DependencyTrack / hyades

Incubating project for decoupling responsibilities from Dependency-Track's monolithic API server into separate, scalable services.
https://dependencytrack.github.io/hyades/latest
Apache License 2.0
59 stars 18 forks source link

Convert `DIRECT_DEPENDENCIES` columns to `JSONB` #1416

Open nscuro opened 1 month ago

nscuro commented 1 month ago

Current Behavior

The DIRECT_DEPENDENCIES column in the PROJECT and COLUMN tables are currently of type TEXT. For the COMPONENT table, there is a GIN_TRGM_OPS index on the column:

https://github.com/DependencyTrack/hyades/blob/96af03d19b004a2c41763dabbb7d082180c99e3c/commons-persistence/src/main/resources/schema.sql#L809-L810

In order to perform dependency graph traversal, queries are using LIKE '%...%' conditions such as:

"COMPONENT"."DIRECT_DEPENDENCIES" LIKE '%48d6c78d-5099-48c8-9bab-2038a5f177e4%'

While this works, there are more efficient ways to achieve the desired outcome in PostgreSQL.

Proposed Behavior

Convert the DIRECT_DEPENDENCIES column in the PROJECT and COMPONENT tables to JSONB.

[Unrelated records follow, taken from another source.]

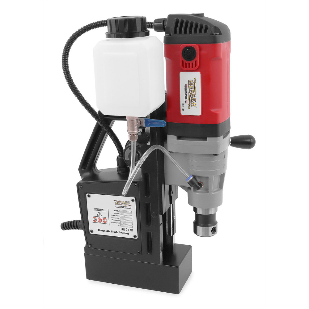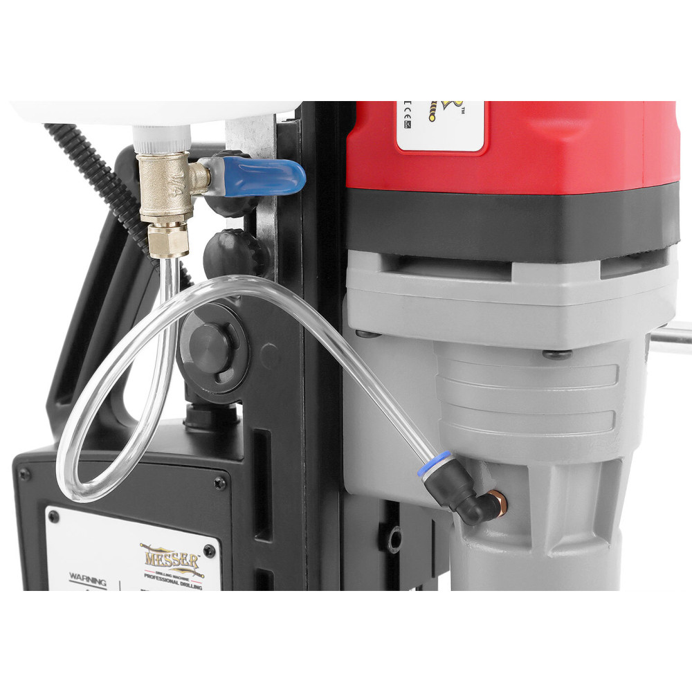 В магнитном сверлильном станке MESSER MDMR-50 использовано минимально количество электронных узлов. Система подачи смазочно-охлаждающей жидкости (СОЖ) в зону сверления позволяет уверенно выполнять работу без перегрузки двигателя и перегрева кольцевых фрез.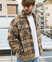 ボリュームある肉厚な風合いのシープボアチェックを使用したGジャンタイプのブルゾン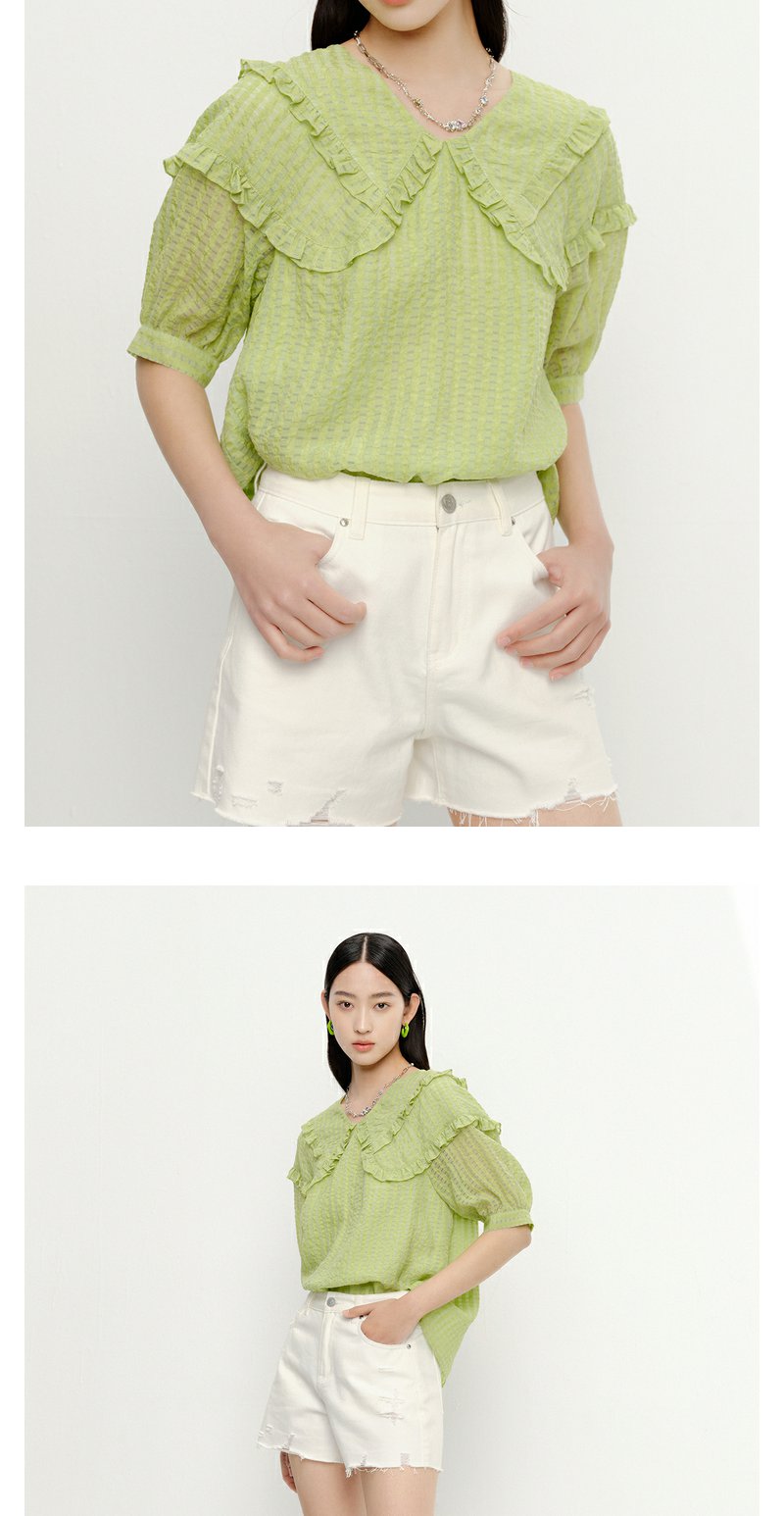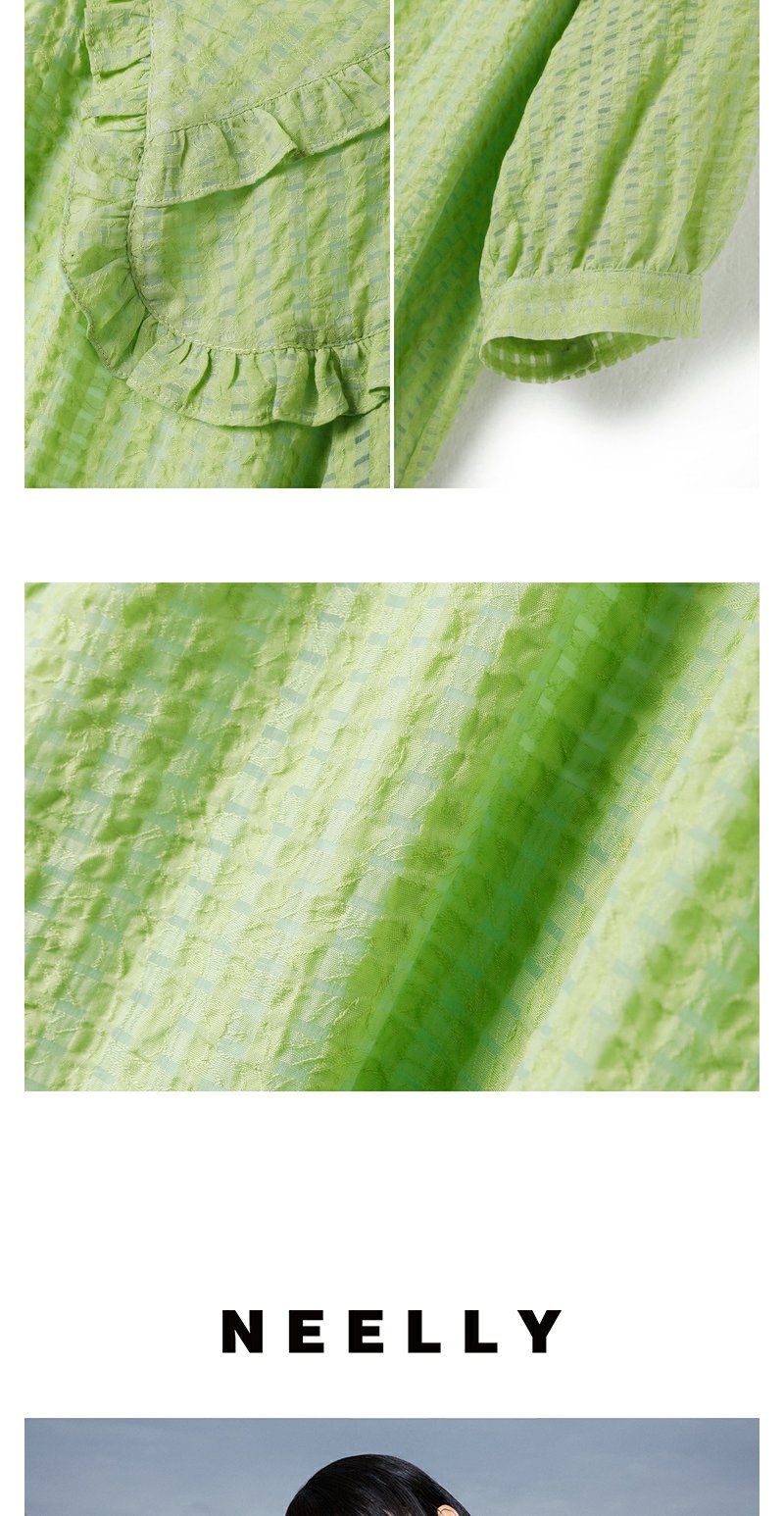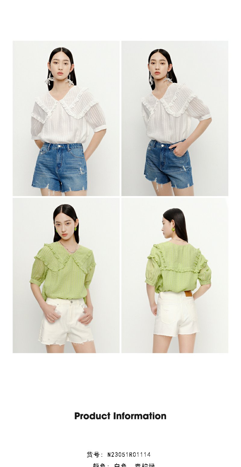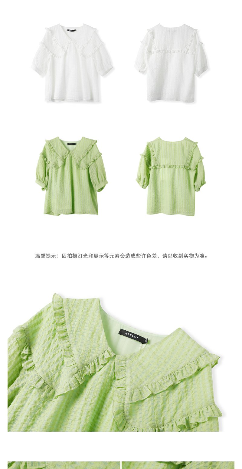 NEELLY纳俪商场同款夏季新款减龄可爱娃娃领衬衫女百搭五分袖上衣N23051R01114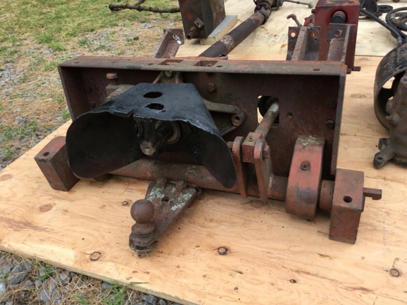 all controls, old hoses and complete pto with right angle belt pulley attachment. Only parts I can see missing are the arms and third link for the three point lift. These parts should be fairly easy to make up using the detailed designers drawings available online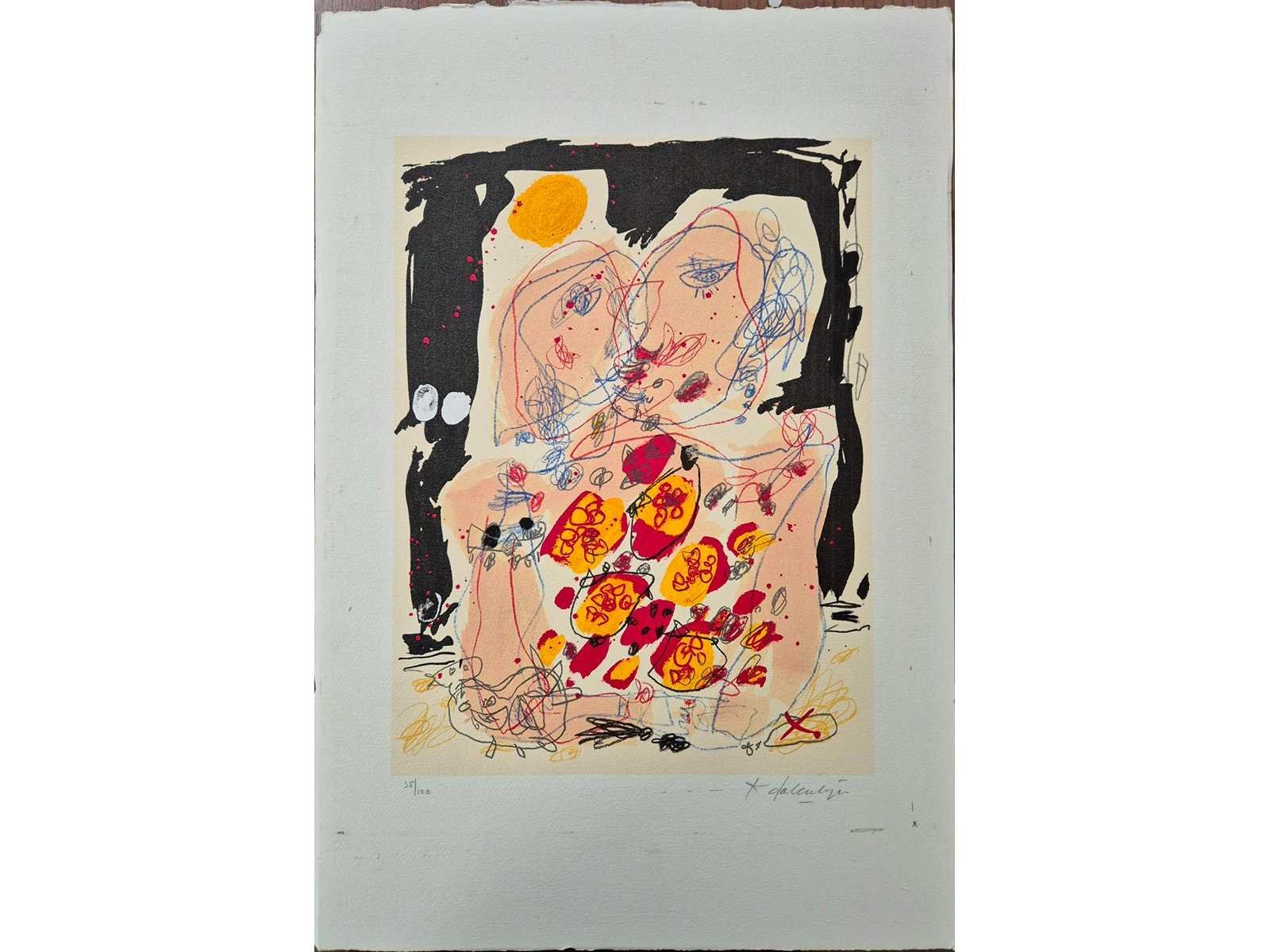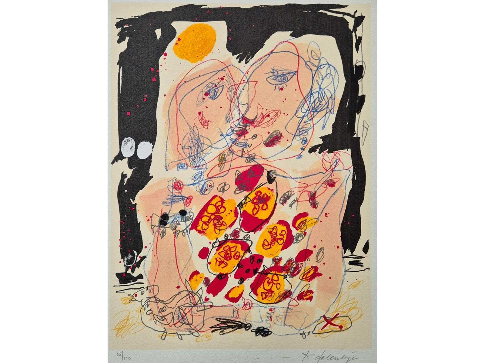 Kees Salentijn: (Amsterdam 1947) is schilder, collagist en tekenaar. Salentijn volgde de opleiding aan de Amsterdamse Rijksacademie van beeldende kunsten, afdeling vrije schilderskunst bij Otto de Kat (1907) en aan de Gerrit Rietveld Academie. Salentijn richt zich in zijn werk op onbewuste spontane creatie en voelt zich verwant met diverse stromingen die dat ook doen waaronder Cobra. Een andere belangrijke invloed is zijn liefde voor het Spaanse leven: stierenvechten, stranden, feesten en landschappen die typisch voor Spanje zijn zijn dan ook alom aanwezig in zijn werk. Techniek: Zeefdruk Oplage: 35/100 Hoogte: 59cm Breedte: 40cm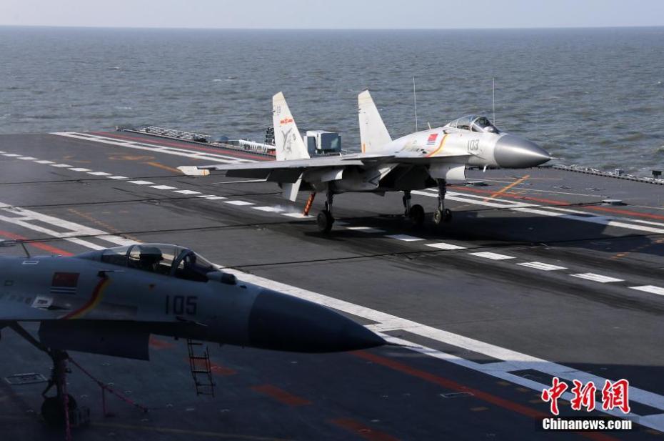 2015年12月24日,中国海军辽宁舰在渤海某海域进行舰机融合训练,新一批歼-15舰载战斗机飞行员驾机完成触舰复飞、阻拦着舰等多个课目训练。歼-15舰载战斗机在辽宁舰阻拦着舰。中新社发 李唐 摄

Drop the existing COMPONENT_DIRECT_DEPENDENCIES_GIN_IDX index, and create a new one using JSONB_PATH_OPS, for example:

CREATE INDEX "COMPONENT_DIRECT_DEPENDENCIES_JSONB_IDX" ON "COMPONENT"
USING GIN("DIRECT_DEPENDENCIES" JSONB_PATH_OPS);

It will then be possible to leverage that index using the JSONB contains operator:

SELECT "NAME"
  FROM "COMPONENT"
 WHERE "DIRECT_DEPENDENCIES" @> '[{"uuid": "92efe3bd-808d-413a-993e-689c1f35713a"}]'::jsonb;

[!WARNING] To make DataNucleus work with JSONB columns, insert-function and update-function extensions must be configured: https://github.com/DependencyTrack/hyades/issues/1074#issuecomment-2198219236

[!WARNING] There might be multiple queries across the code base that perform LIKE queries on the DIRECT_DEPENDENCIES column. Some may use JDOQL (i.e. directDependencies.contains("...")). In particular the latter is problematic, since JDOQL doesn't support the @> JSON operator. Track those queries down, and investigate whether they can be refactored accordingly.

Demo

[!NOTE] The test database contains 1000 projects and TODO components. Generated testdata BOMs were used to populate the database.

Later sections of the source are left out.